I have spent the last week or so exploring this dataset of movie information, which was extracted from the The Movie DB.
Let’s start by taking a look at the structure of the main dataset:
## Observations: 45,466
## Variables: 25
## $ adult <lgl> FALSE, FALSE, FALSE, FALSE, FALSE, FALSE...

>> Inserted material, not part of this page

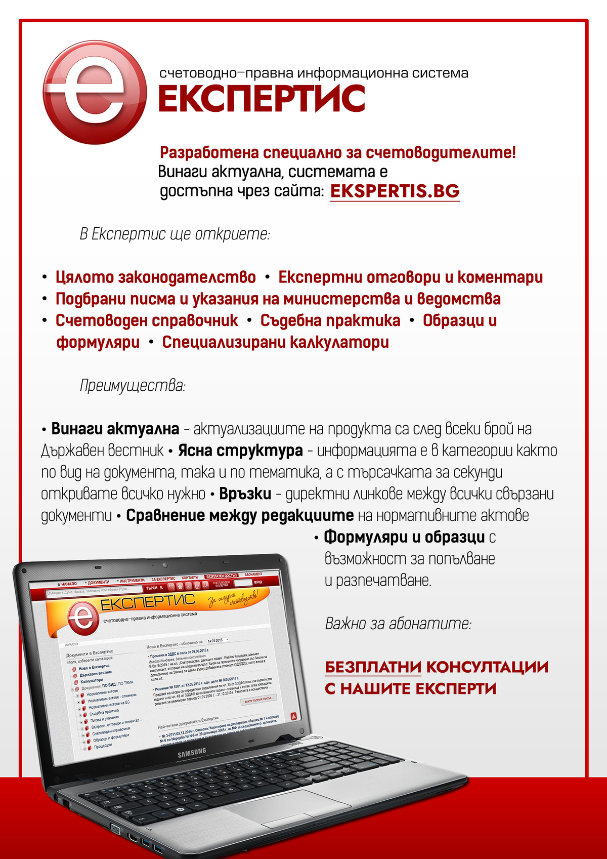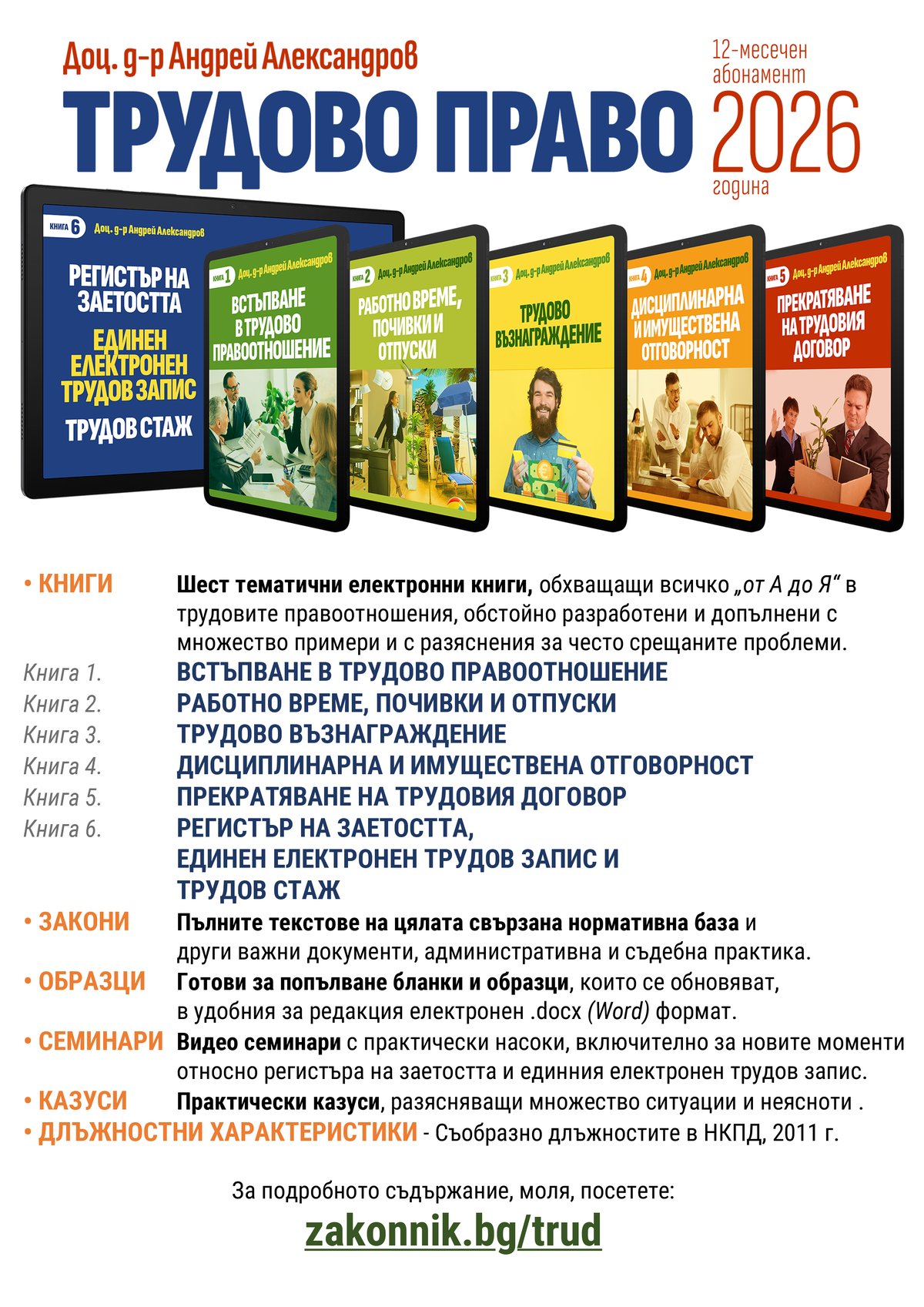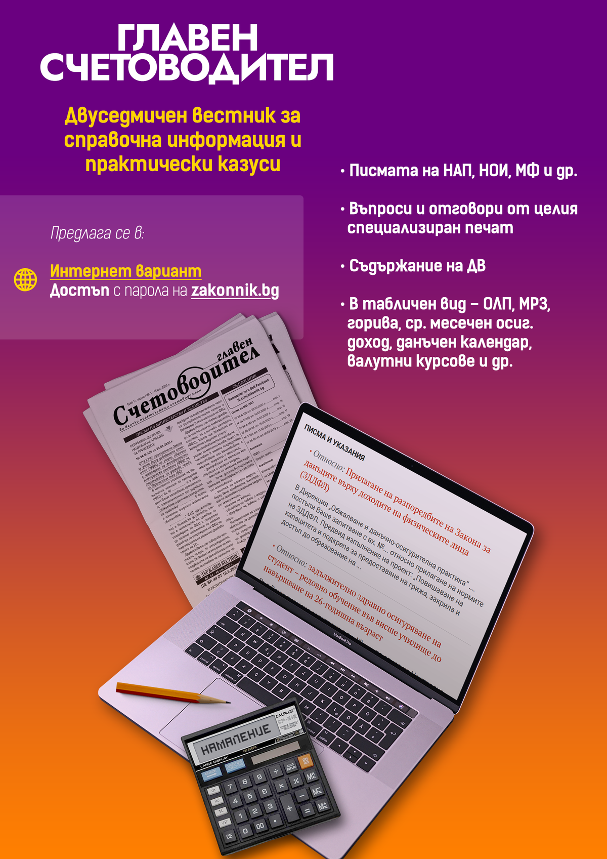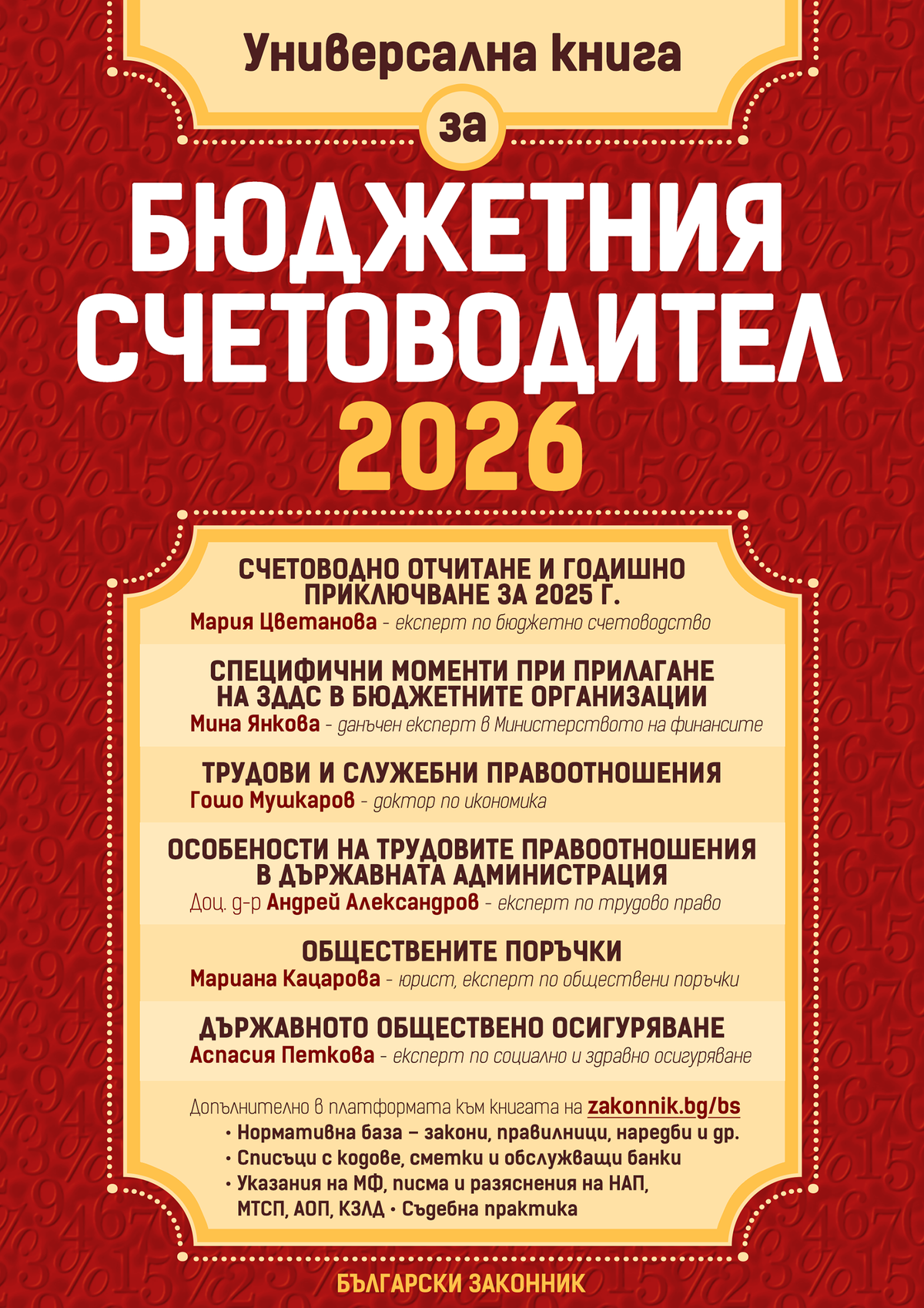 Списание Български законник (12 бр. годишно) Вестник Седмичен законник (седмично издание) Вестник Главен счетоводител (двуседмично издание) Счетоводна система Експертис (два пъти в седмицата нов брой) Справочна платформа Настолник на счетоводителя (регулярни актуализции) Сборника Трудово право (включени месечни актуализации за цялата 2026 г.)

## $ belongs_to_collection <chr> "{'id': 10194, 'name': 'Toy Story Collec...
## $ budget <dbl> 30000000, 65000000, 0, 16000000, 0, 6000...
## $ genres <chr> "[{'id': 16, 'name': 'Animation'}, {'id'...
## $ homepage <chr> "http://toystory.disney.com/toy-story", ...
## $ id <dbl> 862, 8844, 15602, 31357, 11862, 949, 118...
## $ imdb_id <chr> "tt0114709", "tt0113497", "tt0113228", "...
## $ original_language <chr> "en", "en", "en", "en", "en", "en", "en"...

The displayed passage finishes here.